=== EXERCISE ===
Omit every picture, and retype the lines that run from the beginning of the data below through the line containing "SaaS比較メディア「起業L", inclusive.

(Collection entries)
*** Begin section ***

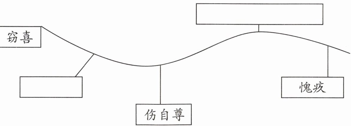 2. 读短文,在下图的空白方框里填上表示“我”的心情的词语。
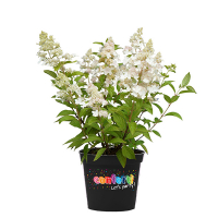 Гортензія хуртовина Confetti - компактний сорт. Суцвіття складаються з їх стерильних та фертильних квіток. Стерильні квітки спочатку кремово-білі, через 2 тижні забарвлюються в ніжно-рожевий колір, починаючи з нижньої частини суцвіття до вершини. Кожна квітка має різний відтінок рожевого. Цвітіння у липні-жовтні. Листя темно-зелене з глибокими прожилками. Кущ компактний, густий, висотою 120 см та шириною 75 см. Пагони сильні. Ідеально підходить для невеликих контейнерів на балконах та терасах. Місце сонячне або напівтінисте. Грунт вологий, дренований. Зона 4 (до -29 ? С). Висота рослини: 40 см
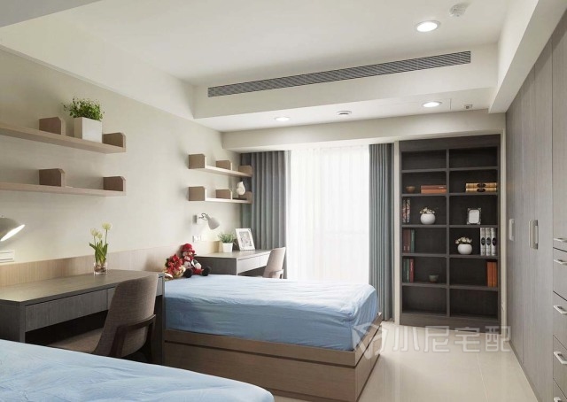 兩個男孩的房間,床頭都整合了各自的閱讀區(qū),床尾的衣柜后面是老人房,既可以收納又可以隔開兩個空間。
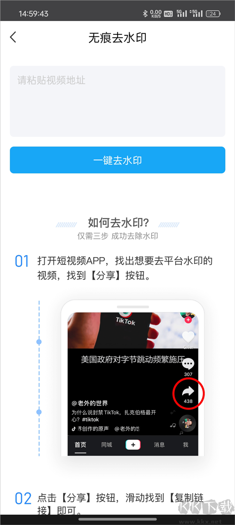 2、前往抖音復(fù)制想要去水印的視頻鏈接,并將其粘貼到輸入框中。
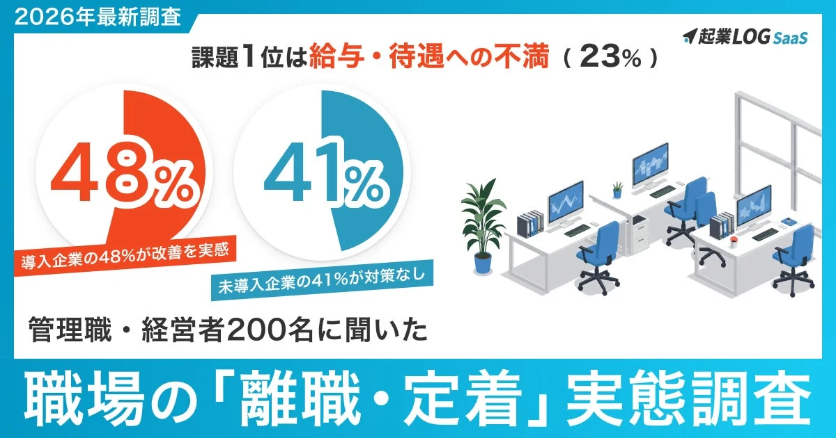 SaaS比較メディア「起業LOG SaaS」は、全国の管理職・経営者・自営業者200名を対象に、職場の離職・定着に関する実態調査を実施しました。この調査は、離職防止の取り組み状況やツール導入の実態を明らかにし、企業が直面する課題と今後の対策のヒントを探ることを目的としています。
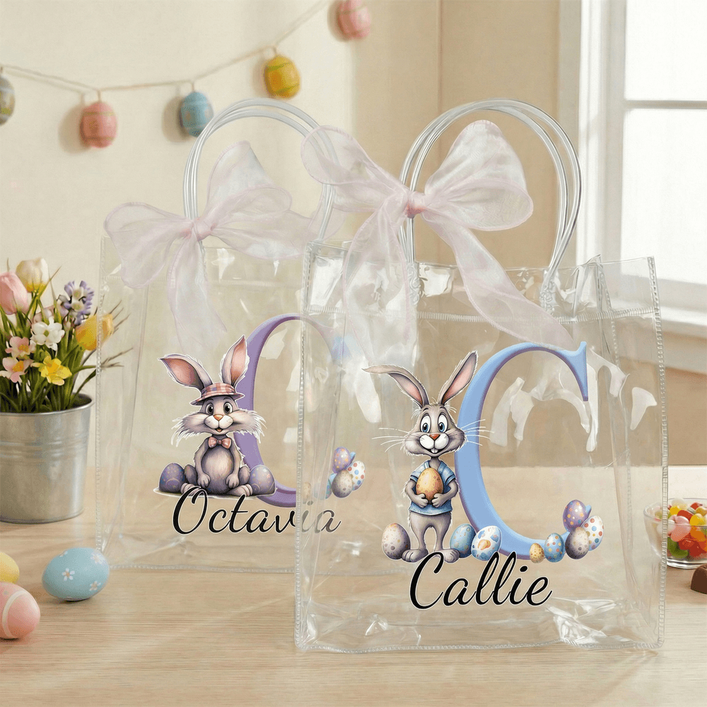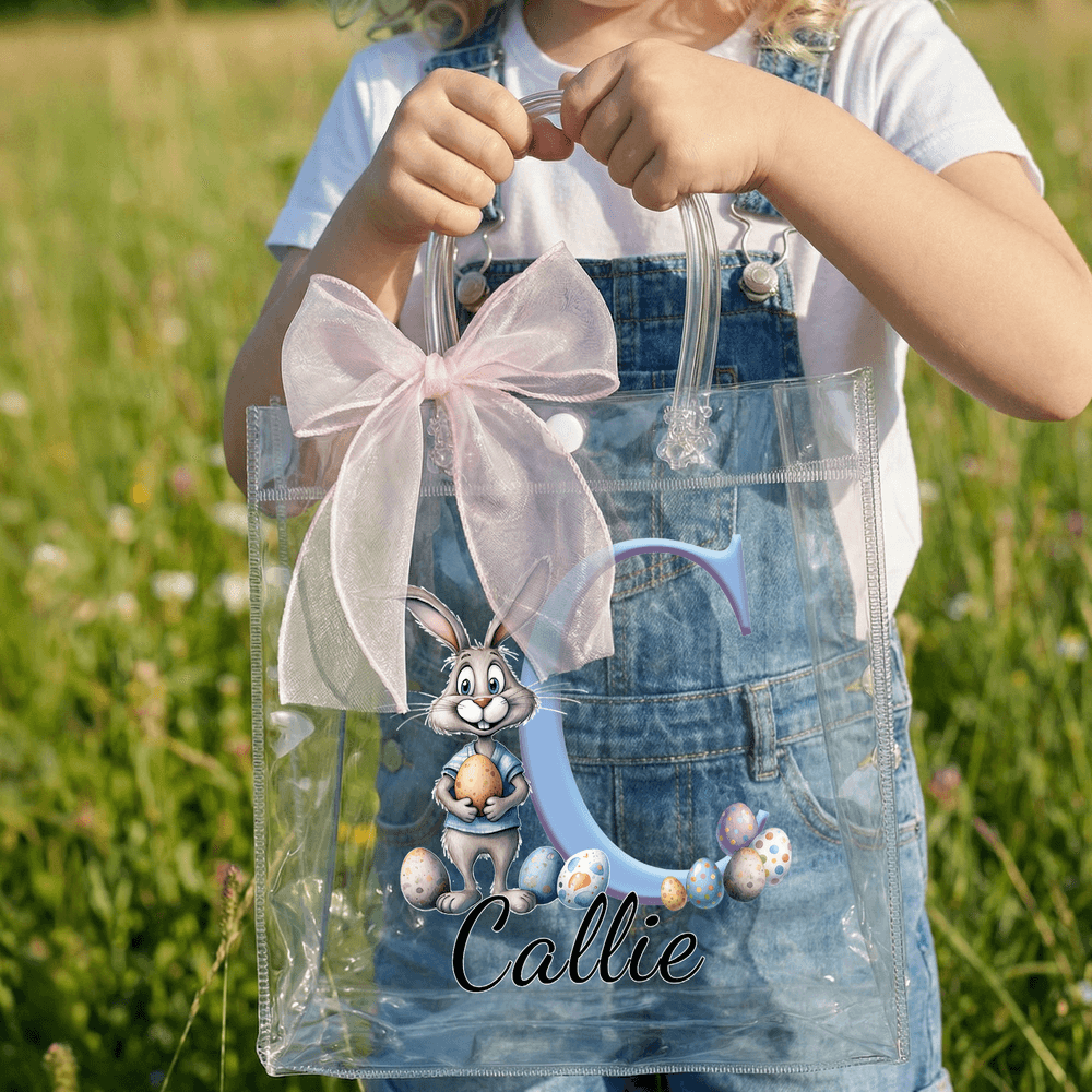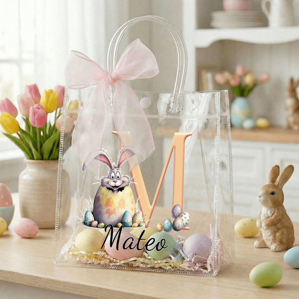 This transparent gift tote bag features a charming pink ribbon bow and playful Easter motifs, including adorable bunnies and colorful scattered eggs. You can personalize it with a custom name and initials, creating a special and festive bag tailored just for your little one.

*** End section ***

=== ANSWER BELOW ===
 2. 读短文,在下图的空白方框里填上表示“我”的心情的词语。
 Гортензія хуртовина Confetti - компактний сорт. Суцвіття складаються з їх стерильних та фертильних квіток. Стерильні квітки спочатку кремово-білі, через 2 тижні забарвлюються в ніжно-рожевий колір, починаючи з нижньої частини суцвіття до вершини. Кожна квітка має різний відтінок рожевого. Цвітіння у липні-жовтні. Листя темно-зелене з глибокими прожилками. Кущ компактний, густий, висотою 120 см та шириною 75 см. Пагони сильні. Ідеально підходить для невеликих контейнерів на балконах та терасах. Місце сонячне або напівтінисте. Грунт вологий, дренований. Зона 4 (до -29 ? С). Висота рослини: 40 см
 兩個男孩的房間,床頭都整合了各自的閱讀區(qū),床尾的衣柜后面是老人房,既可以收納又可以隔開兩個空間。
 2、前往抖音復(fù)制想要去水印的視頻鏈接,并將其粘貼到輸入框中。
 SaaS比較メディア「起業LOG SaaS」は、全国の管理職・経営者・自営業者200名を対象に、職場の離職・定着に関する実態調査を実施しました。この調査は、離職防止の取り組み状況やツール導入の実態を明らかにし、企業が直面する課題と今後の対策のヒントを探ることを目的としています。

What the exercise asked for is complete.